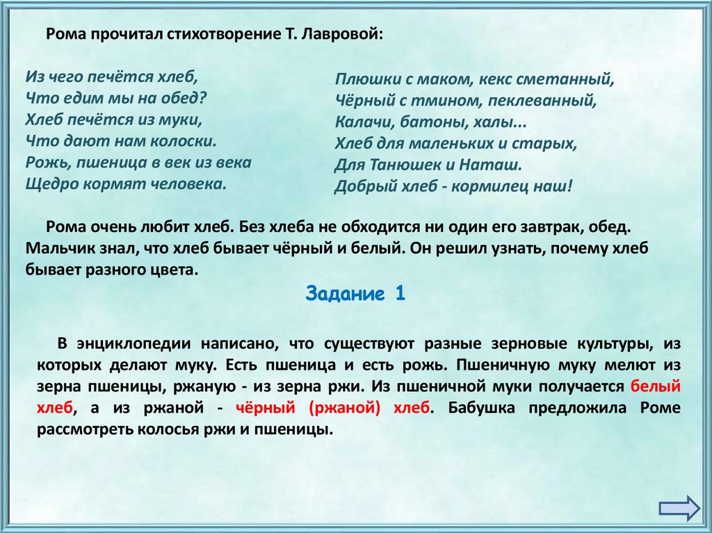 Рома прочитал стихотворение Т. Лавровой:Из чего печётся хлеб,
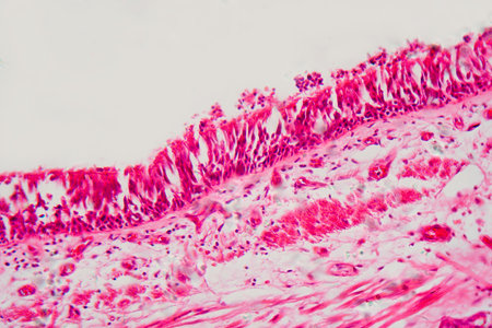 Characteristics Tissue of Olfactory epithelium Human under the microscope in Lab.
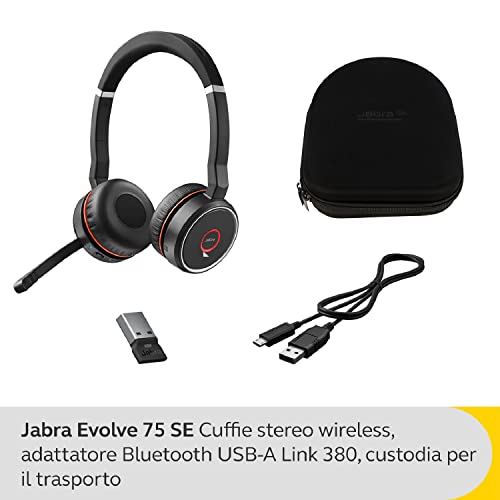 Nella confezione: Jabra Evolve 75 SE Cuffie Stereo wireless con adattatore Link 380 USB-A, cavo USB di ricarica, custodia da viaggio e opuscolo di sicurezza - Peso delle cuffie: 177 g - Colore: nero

* * *

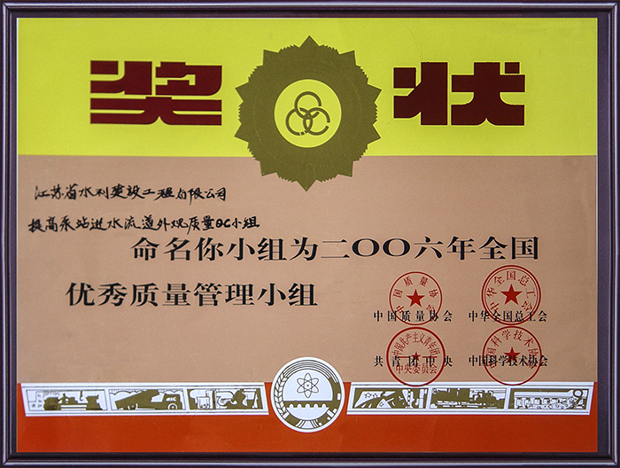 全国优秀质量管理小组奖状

### [Exercise prompt]
Starting at the line above that contains "Рома прочитал стихотворение", transcribe every line exactly through the line that contains "Nella confezione: Jabra", including that last one, and skip the pictures.

### [Reply to the task]
 Рома прочитал стихотворение Т. Лавровой:Из чего печётся хлеб,
 Characteristics Tissue of Olfactory epithelium Human under the microscope in Lab.
 Nella confezione: Jabra Evolve 75 SE Cuffie Stereo wireless con adattatore Link 380 USB-A, cavo USB di ricarica, custodia da viaggio e opuscolo di sicurezza - Peso delle cuffie: 177 g - Colore: nero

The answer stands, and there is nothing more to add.